Lua+ネイティブスレッドの構成だと少なくともユーザランドでは一切の排他制御をしないので、理論的にはCPUコア数を上限とするスレッド数に対して線形にスケールするはずです。実際にはDB層やOS層で多少のブレーキがかかるので線形とまではいかないわけですが、スレッドを増やすことで並列化の恩恵が体感レベルで受けられるということが今回の実験で確かめられたと思います。
まとめ
Web業界で生活しているとLua使いに出会うことは非常に稀なのですが、サーバサイドでもLuaは実用になる技術なのです。かく言う私もマイナー言語と思って優先度を下げていましたが、マルチコア・メニーコア時代にはLuaのような軽量な処理系をスレッド毎に割り当てるという手法も面白いんじゃないかなと思う次第です。C/C++で書いた高効率なサーバ実装にアドオンでき、Javaより高性能なスクリプト言語として機能するLua。最適化された世界に少しの柔軟性を持たせるLua。Lua最強説。

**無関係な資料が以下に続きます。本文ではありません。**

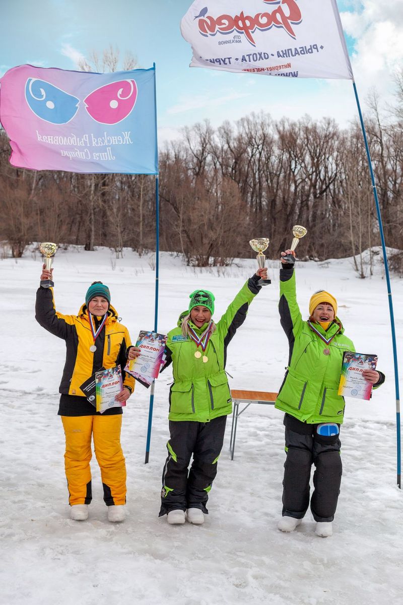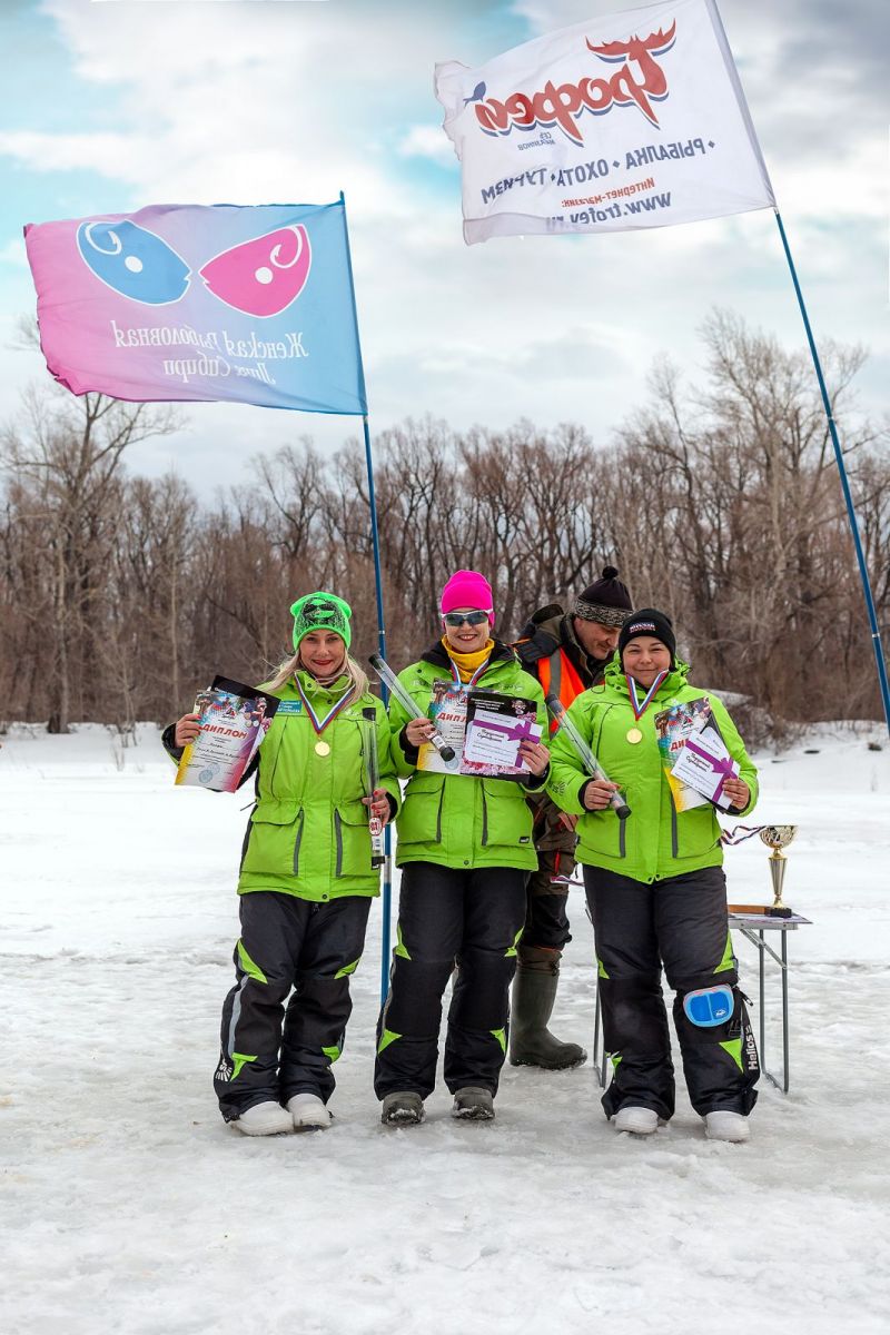 В командном зачёте первенствовало трио «Нимфы» (Наталья Лаас, Ирина Артемьева, Людмила Воробьёва), на втором месте команда «На крючке» (Валентина Иванова, Дарья Гребёнкина, Татьяна Лютаева), на третьем - «Стрекоза» (Светлана Отмахова, Валентина Кухленко, Татьяна Соломатова). Примечательно, что команда «Стрекоза» полностью состоит из слушательниц последнего осеннего набора курсов Женской рыболовной лиги «Основы зимней женской рыбалки», в рыболовном спорте они новички.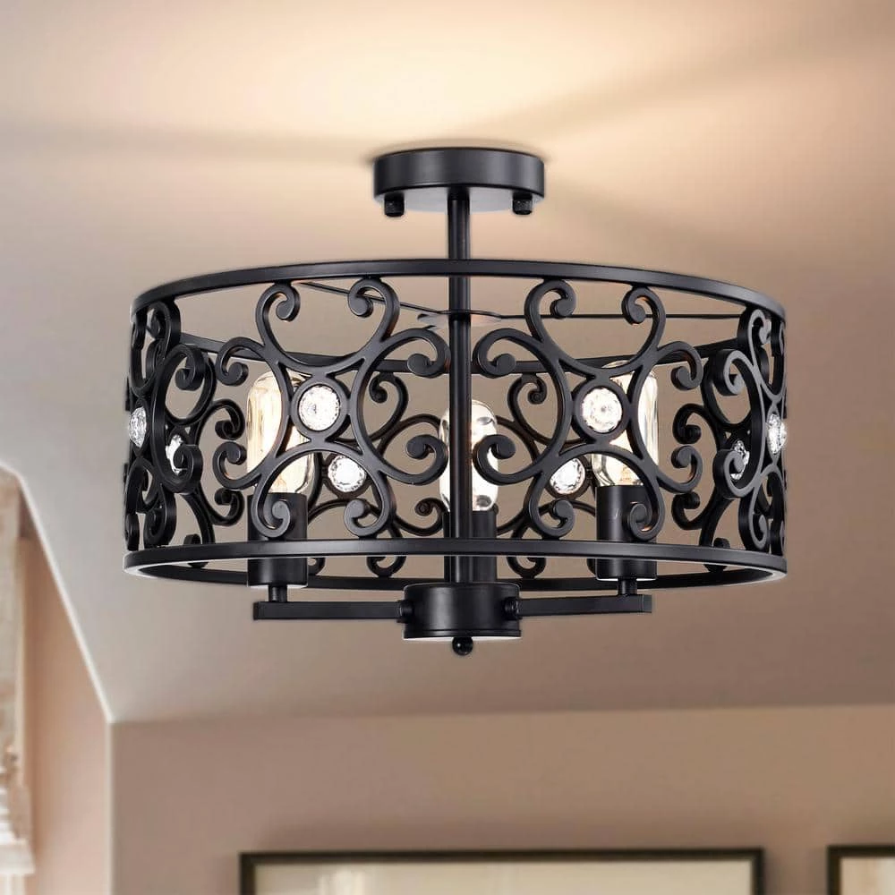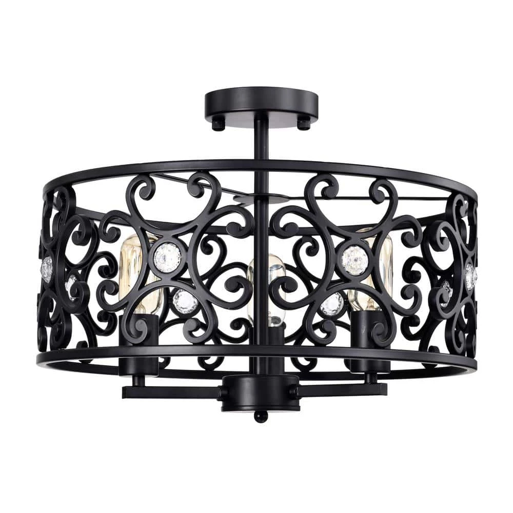 Introduce an aesthetic appeal into your home with our 18 in. Matte Black Theofy Semi-Flush Mount Ceiling Light. Our fixture features 3-lights that are housed in a lovely designed shade that is embedded with crystal gems and brings this fixture, full-circle. Decorative during the day and decoratively functional at night, get the best of both worlds with our 18 in. Theofy Semi-Flush Mount Ceiling Light.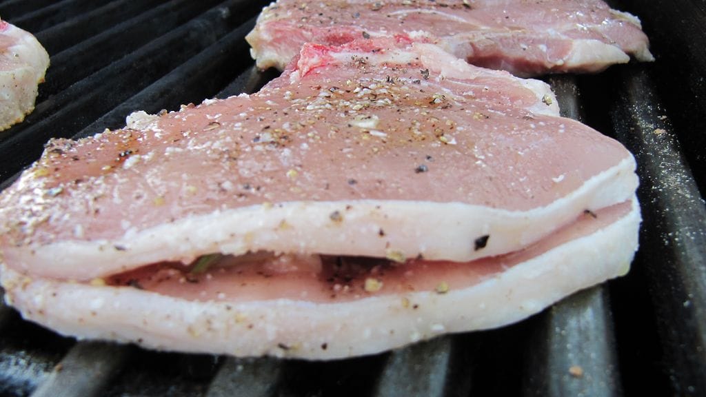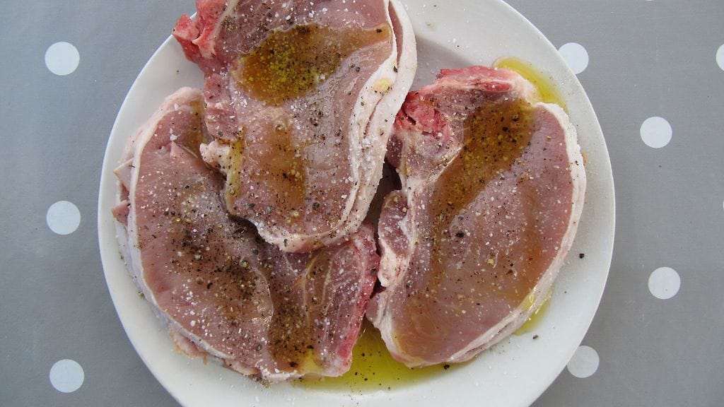 Leikkaa terävällä veitsellä varovasti taskut kyljyksiin, kts kuva. Suolaa ja pippuroi kyljykset sisältä ja päältä. Laita kunkin kyljyksen sisään 2-3 salvianlehteä, puolikas pekoniviipale (voi laittaa kokonaisenkin, jos mahtuu), teelusikallinen aurinkokuivatun tomaatin palasia ja nokare voita. Paina kyljystä varovasti kasaan, jotta saat tiiviin paketin. Tunge mahdollisesti ulospyrkivät ainekset takaisin sisään. Voitele kyljykset oliiviöljyllä. Lämmitä grilli ja grillaa kyljykset haluamasi kypsyyteen. Voin ja pekonin avulla ne eivät niin helposti kuivu, mutta ole silti tarkkana, että lopputulos on mehevä.
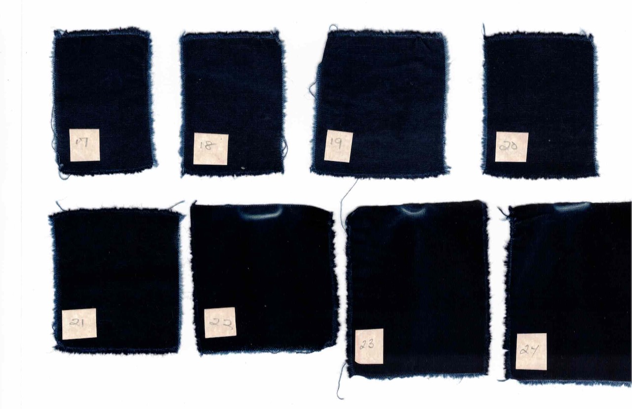Indigo on cotton cloth, same vat: 1-24 ten-minute dips. February, 2021
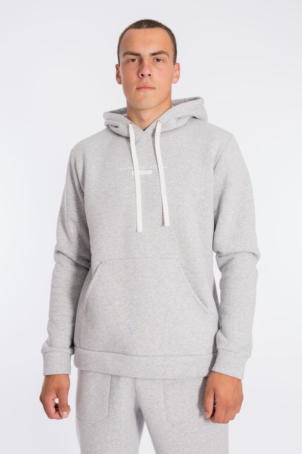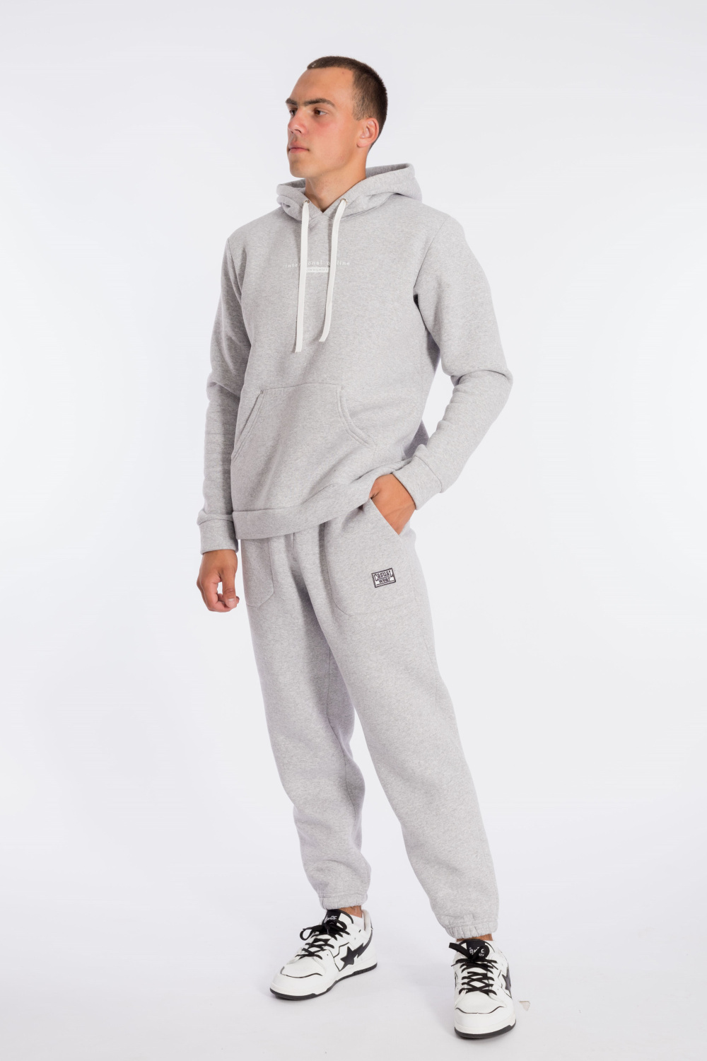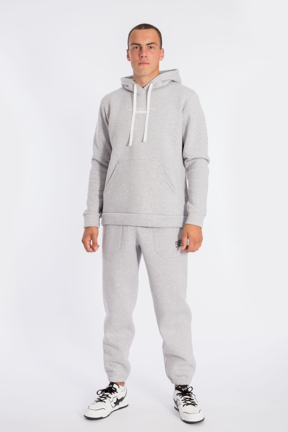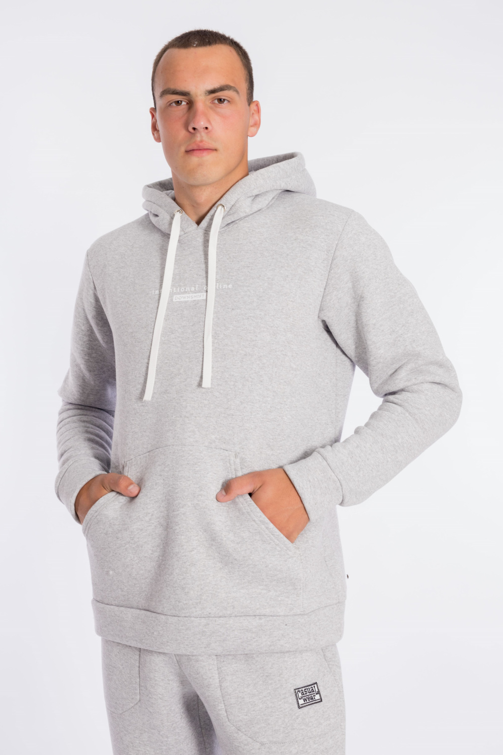 Мужская толстовка выполнена из футера с начесом (трёхнитка). Толстовка с капюшоном со шнуром и длинными рукавами. Спереди нанесён принт и расположен карман-кенгуру. Манжеты рукавов и притачной низ изделия из основного полотна.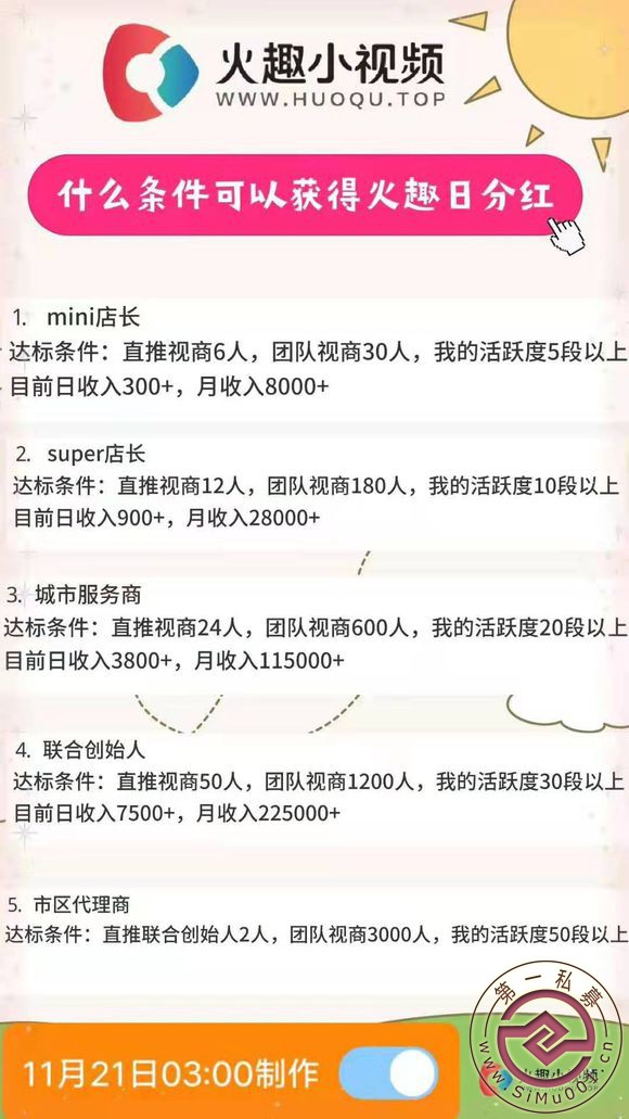 . S2 J3 A) w1 ]4 }5G火趣小视频是视商时代的风向标,未来趋势项目全网第一,最正规合法项目!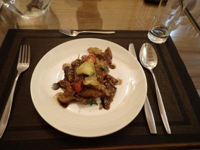 ブハラの旧市街の中にあり、夕食後に1時間程度観光したが、結構いろいろと見て回れて満足。肉料理(ビーフ)の夕食は美味しい。特に前菜のナスの炒め物が日本人に合う味で良かった。バスタブがある部屋とない部屋があった模様。私はバスタブがない方だった。旧市街にマッチした外観。若干施設が古い感じもあった。ツアー利用で費用不明。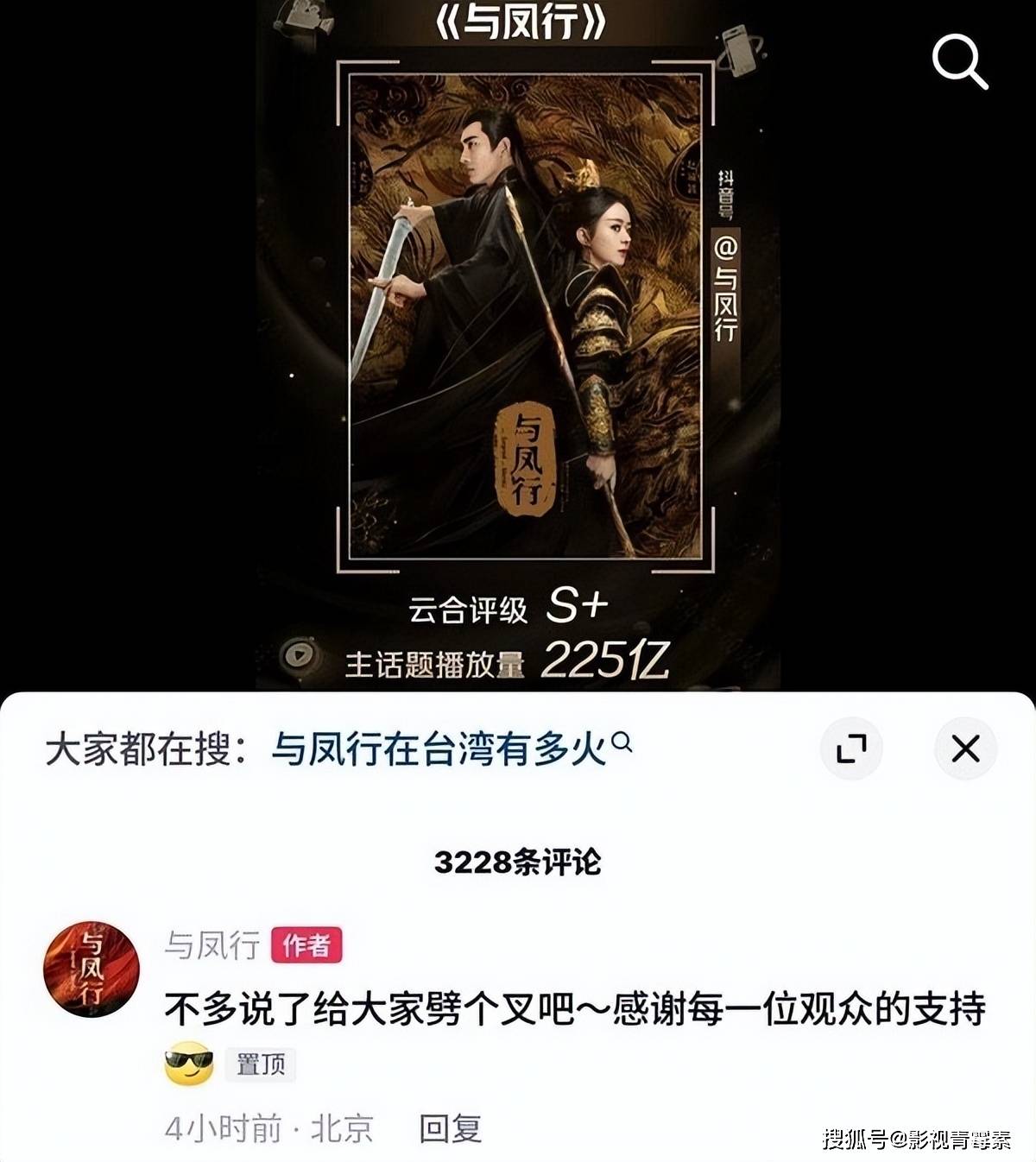 近日,《与凤行》在某短视频平台的官方账号,发布的一条动态引发争议。官方账号说:“不多说了,给大家劈个叉吧,感谢每一位观众的支持。”还配上了一个“得意”的表情包,疑似在玩梗“赵丽颖劈叉”。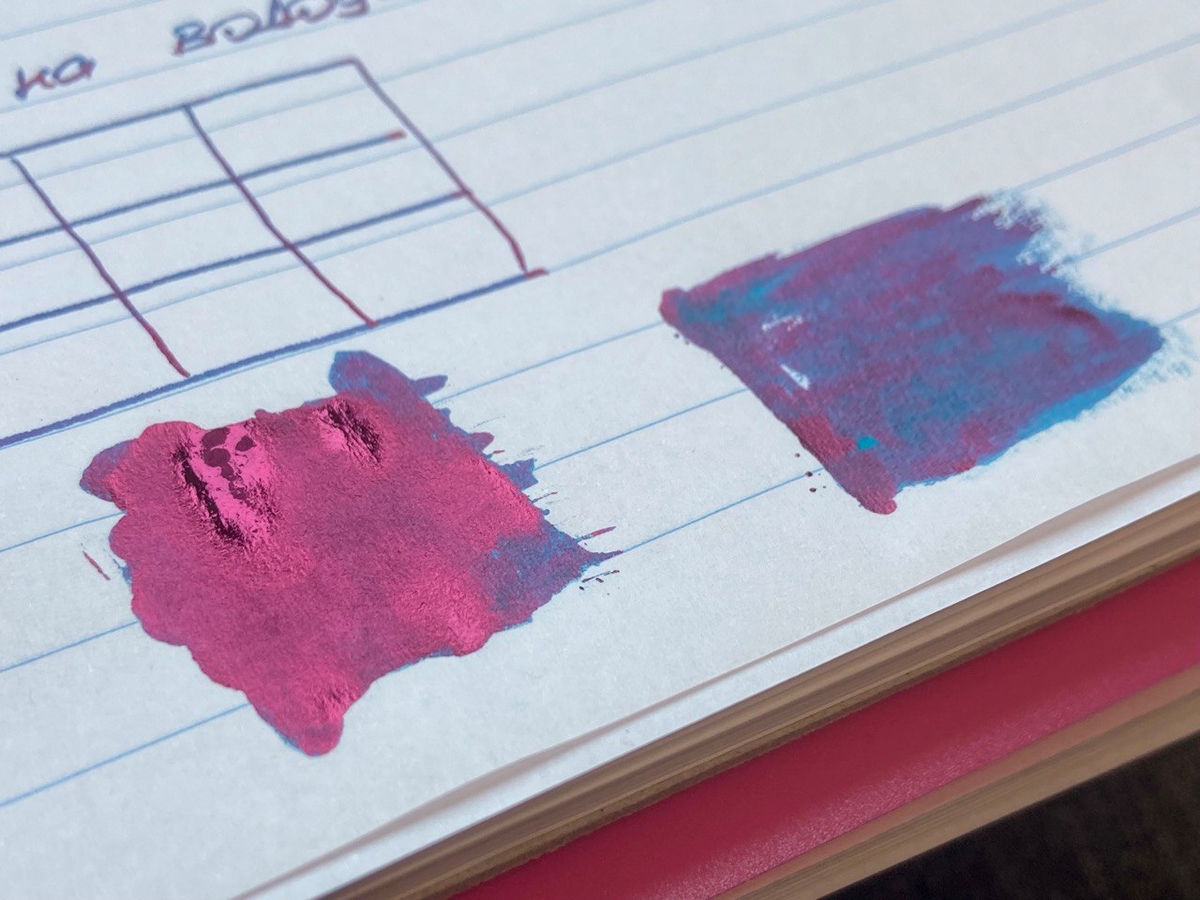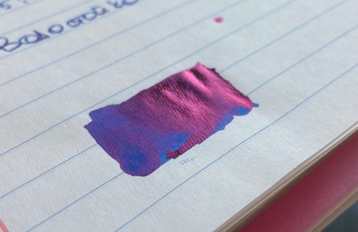 Присутствует шин, то есть на свету чернила дают фиолетово-золотистый блеск. Особенно заметен он при правильном сочетании ручки/пера и бумаги.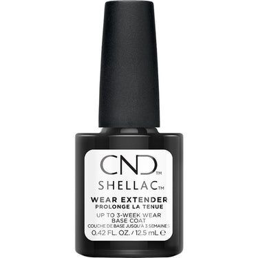 CND Shellac Wear Extender Base Coat / 0.42 fl. oz. - 12.5 mL. CND Shellac Wear Extender Base Coat includes a new superior curve hugging brush for premium performance! 200+ Bristles that adapt to the nail for better coverage. Each filament has a solid, round section that helps provide a smooth and even application for full coverage and better color application.
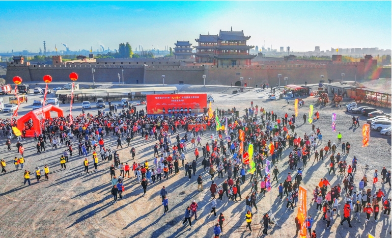城鸣笛开跑。近2000名徒步爱好者在和暖朝阳中开启健康、快乐的健步登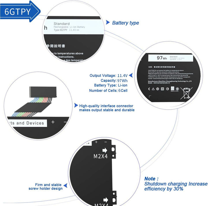 - 【Batteriespezifikationen】 Artikelmodell: 6GTPY; Produkttyp: Ersatzbatterie; Batterieart: Li-Ion; Anzahl der Zellen: 6 Zellen; Spannung: 11,4 V; Kapazität: 97WH.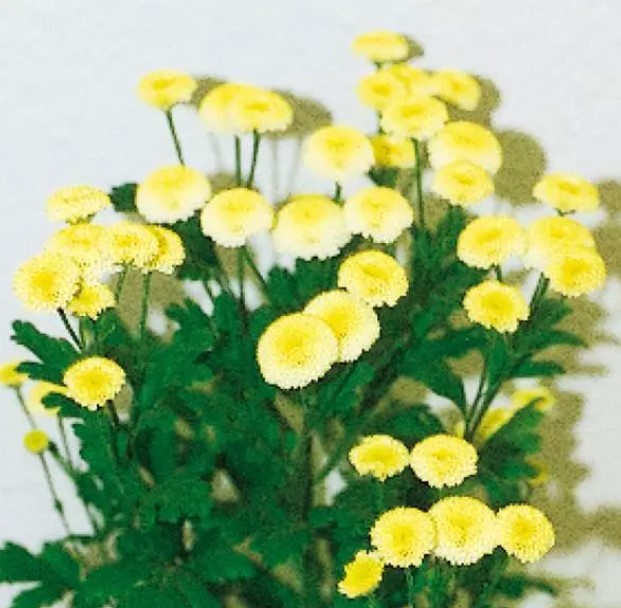 • На крепких цветоносах образуются многочисленные плотные соцветия – помпоны кремовых и желтых оттенков.

そして、複数のLuaインスタンスを並列させることによってインスタンス間でデータが共有できなくなる問題をKCは見事に解決してくれます。夢が広がりんぐですね。クラウドのトレンドには全く乗ってないプリミティブなアプローチではありますが、コア数の増加に対してスケールするようにすれば単一ノードの性能もまだまだ上げられます。KCはKVSのバックエンドとしてのみでなく、いわばDomain Specific Databaseのような実装を支援するツールとして育てていきたいと考えています。